Потом удовлетворенно закивал и обменялся взглядом с Живицким, на этот раз взгляд был торжествующий.
– Прекрасно! – Он улыбнулся мне почти доброжелательно. – Надеюсь, вам не придет в голову утверждать потом, что мы выбили из вас это признание!
– Нет, разумеется! – заверил я его.
– Не сомневайтесь, я сделаю все возможное, – проблеял адвокат, – чтобы добиться…
– Оправдания?! – спросил я с неплохо изображенной надеждой – если уж валять ваньку, то на полную катушку.
– Нет, – несколько смутился он, – не думаю, что при данных обстоятельствах!
– Перестаньте, – обратился к нему Муха, – ваш подзащитный и сам должен понимать, что на оправдательный приговор в подобном деле рассчитывать может только безумец!
– А вы ведь не безумец, Константин Александрович?! – спросил он, уже у меня.
– Нет! – категорично замотал я башкой. – Я не безумец!
– Вот и хорошо!
– …постараюсь добиться минимального срока, – снова завел пластинку Лже-Живицкий. – Суд учтет смягчающие обстоятельства, ваше искреннее раскаяние…
– Борис Наумович, – снова оборвал его следак, которому надоело слушать эту ахинею. – Для дополнительных консультаций с клиентом вам будет выделено полагающееся по закону время. Если Константин Александрович, конечно, сочтет их необходимыми, эти консультации!
– Я всецело доверяю искусству Бориса Наумовича! – сказал я.
– Замечательно! – Муха нажал на кнопку, вызывая охрану, и демонстративно уткнулся в признание, где ему и так, я не сомневался, было знакомо каждое слово.
– Да, еще!.. – Я задержался на мгновение у стола, и Муха сделал знак вертухаю – подождать. – Мне нужно свидание с женой, Владимир Владимирович! Очень нужно! И я говорю о полноценном свидании. Сами понимаете, молодой и крепкий мужчина… Словом, если вы действительно хотите, чтобы я не отказался от своих показаний в последний, решающий, так сказать, момент, то, думаю, найдете способ обойти правила. Тем более, что в этих стенах (я возвел очи горе) это обычное дело…
– А ты еще к тому же и шантажист, Разин! – усмехнулся Муха и кивнул вертухаю. – Уведите задержанного, а о свидании мы подумаем!
Подумаете, подумаете, гражданин начальник, и я не сомневаюсь, что решение будет принято в мою пользу. Лишние хлопоты вам ни к чему!
После ухода Знахаря следователь Муха взглянул на адвоката, и тот без лишних церемоний исчез из кабинета. Так быстро, что можно было подумать, что Живицкий просочился сквозь стену, словно настоящий призрак.
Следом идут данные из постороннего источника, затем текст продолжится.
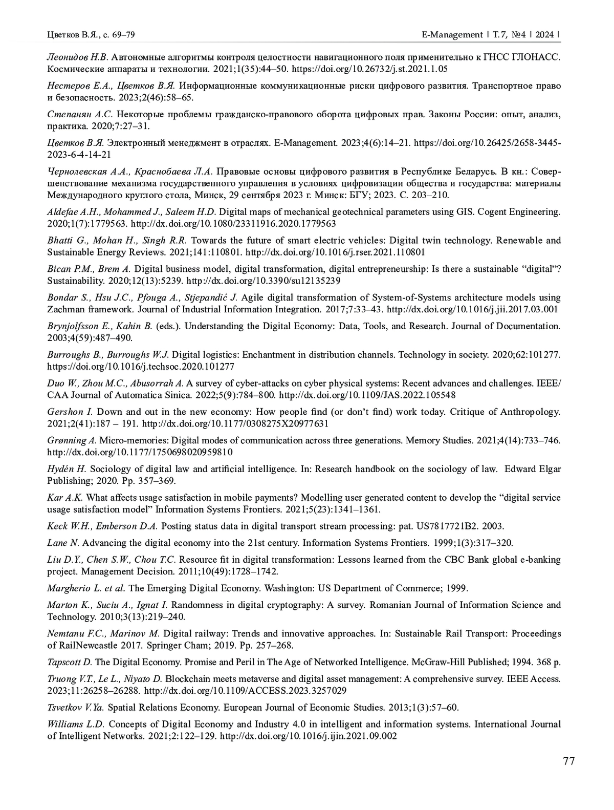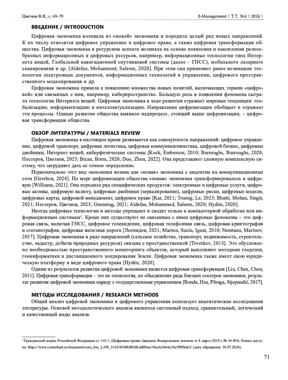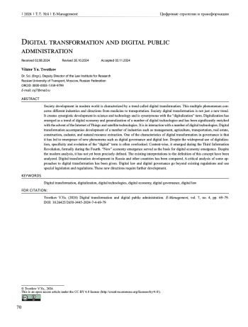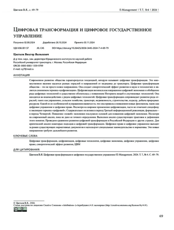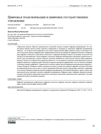 ЦВЕТКОВ В. Я. ЦИФРОВАЯ ТРАНСФОРМАЦИЯ И ЦИФРОВОЕ ГОСУДАРСТВЕННОЕ УПРАВЛЕНИЕ // E-MANAGEMENT. 2024. Т. 7 № 4

Оставшись в одиночестве, Муха вытащил сигареты и закурил, нервно стряхивая пепел в уже опустевшую пачку «Петра Первого». Курить ему не рекомендовали врачи и Министерство здравоохранения, чье грозное предупреждение было напечатано на пачке сигарет. Но, во-первых, следователь начхал на все предупреждения. Жить недолго осталось – прав был сукин сын Разин! Это подтверждали и пользовавшие Муху доктора. Правда, сроков, в отличие от подлого урки, не называли, крутили, обещали, что курс лечения и неукоснительное соблюдение режима оттянут неизбежный конец на неопределенный срок.